Leetcode 200. Number of Islands

Given a 2d grid map of '1's (land) and '0's (water), count the number of islands. An island is surrounded by water and is formed by connecting adjacent lands horizontally or vertically. You may assume all four edges of the grid are all surrounded by water.

Example 1:

Input: 11110 11010 11000 00000

Output: 1

Example 2:

Input: 11000 11000 00100 00011

Output: 3

Difficulty:Medium

Category:

Analyze

题目大意：统计岛屿的数量，就是求矩阵中连续1区域的个数。

用深度优先搜索DFS来解，我们需要建立一个visited数组用来记录某个位置是否被访问过，对于一个为‘1’且未被访问过的位置，我们递归进入其上下左右位置上为‘1’的数，将其周围所有的 1 都换成 0.

Solution

Solution 1: DFS

Cite: LeetCode 200. Number of Islands

Use DFS to find a connected component (an island) and mark all the nodes to 0.

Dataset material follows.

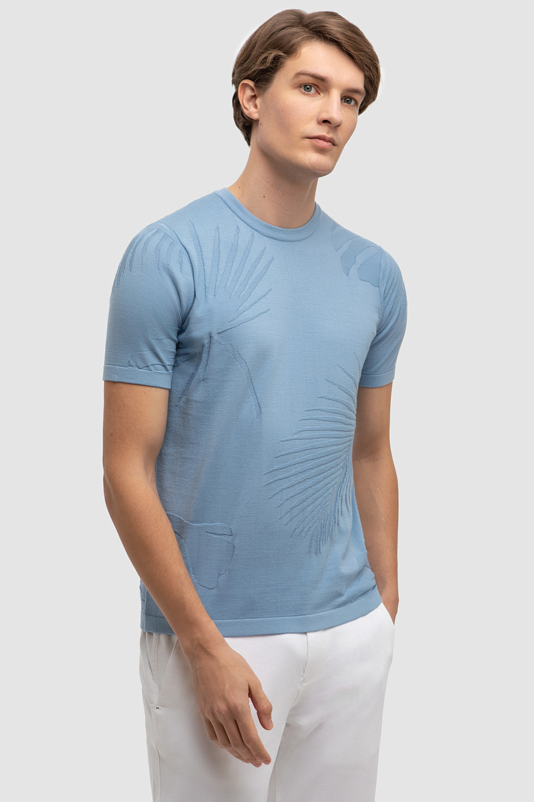 Роскошный голубой матовый оттенок джемпера KANZLER и фактурный ботанический узор из пальмовых листьев навевают мысли о безмятежном отдыхе, создавая расслабленное настроение. 100% премиальный хлопок Пима мягко облегает тело, даря комфорт и ощущение свежести на весь день. Натуральный материал высочайшего качества сохраняет первоначальную форму и цвет даже спустя долгие месяцы - прекрасный выбор для тех, кто ценит в одежде не только стиль, но и функциональность. Модель подойдет как для активных выходных, так и для спокойных дней в офисе с нестрогим дресс-кодом. Наши стилисты предлагают дополнить джемпер светлыми брюками и кожаными лоферами или топсайдерами. Параметры модели: рост 191, 97-77-99 Размер на модели: M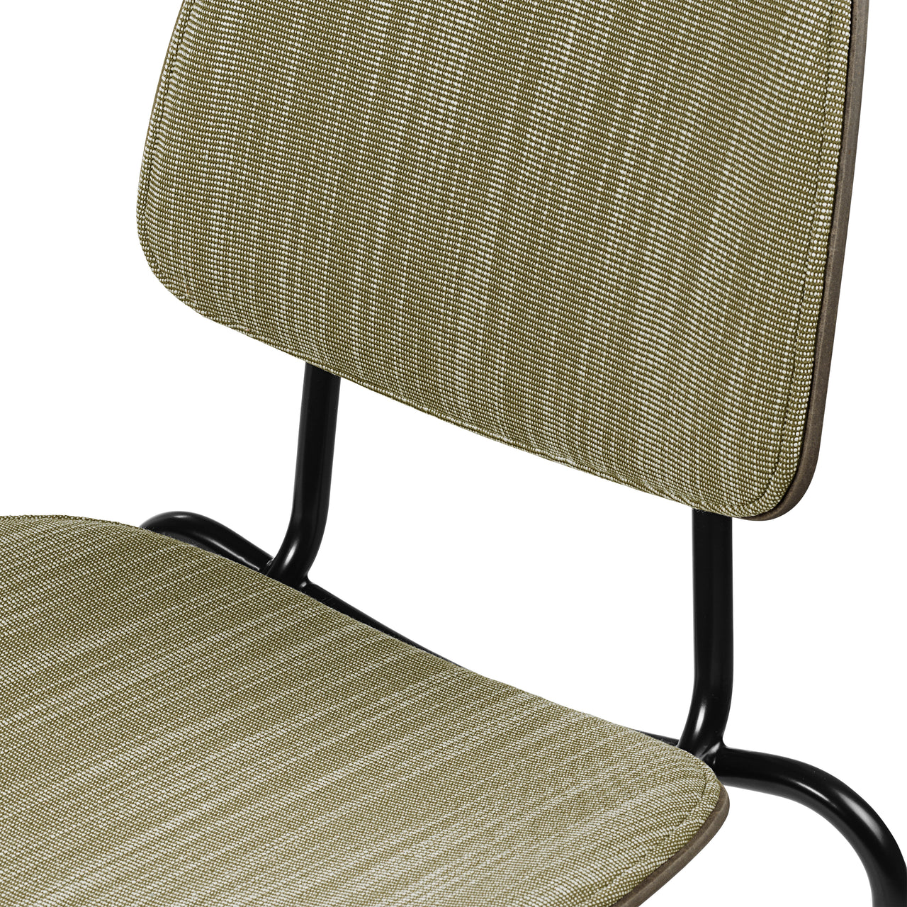 The Compound Dining Chair features a frame made from 20% recycled steel, supporting a seat and back crafted from Matek®—a proprietary material that blends coffee shell waste, wood waste, and industrial plastic waste. Designed by OEO Studio, the chair's minimalist structure offers comfort suitable for both private and public settings. It is available in various Matek® blends, with front or seat upholstery, and is stackable up to four chairs.

Time complexity: O(mn) Space complexity: O(mn)

class Solution {
 public:
  int numIslands(vector<vector<char>>& grid) {
    if (grid.empty()) return 0;
    int m = grid.size();
    int n = grid[0].size();
    int ans = 0;
    for (int y = 0; y < m; ++y)
      for (int x = 0; x < n; ++x) {
        ans += grid[y][x] - '0';
        dfs(grid, x, y, m, n);
      }
    return ans;
  }

 private:
  void dfs(vector<vector<char>>& grid, int x, int y, int m, int n) {
    if (x < 0 || y < 0 || x >= n || y >= m || grid[y][x] == '0') return;
    // Change all the grid[y][x] to '0'
    grid[y][x] = '0';
    dfs(grid, x + 1, y, m, n);
    dfs(grid, x - 1, y, m, n);
    dfs(grid, x, y + 1, m, n);
    dfs(grid, x, y - 1, m, n);
  }
};

另外，也可以单独建立一个数组来做统计的情况：

class Solution {
 public:
  int numIslands(vector<vector<char> > &grid) {
    if (grid.empty() || grid[0].empty()) return 0;
    int m = grid.size(), n = grid[0].size(), res = 0;
    vector<vector<bool> > visited(m, vector<bool>(n, false));
    for (int i = 0; i < m; ++i) {
      for (int j = 0; j < n; ++j) {
        if (grid[i][j] == '1' && !visited[i][j]) {
          numIslandsDFS(grid, visited, i, j);
          ++res;
        }
      }
    }
    return res;
  }
  void numIslandsDFS(vector<vector<char> > &grid, vector<vector<bool> > &visited, int x, int y) {
    if (x < 0 || x >= grid.size()) return;
    if (y < 0 || y >= grid[0].size()) return;
    if (grid[x][y] != '1' || visited[x][y]) return;
    visited[x][y] = true;
    numIslandsDFS(grid, visited, x - 1, y);
    numIslandsDFS(grid, visited, x + 1, y);
    numIslandsDFS(grid, visited, x, y - 1);
    numIslandsDFS(grid, visited, x, y + 1);
  }
};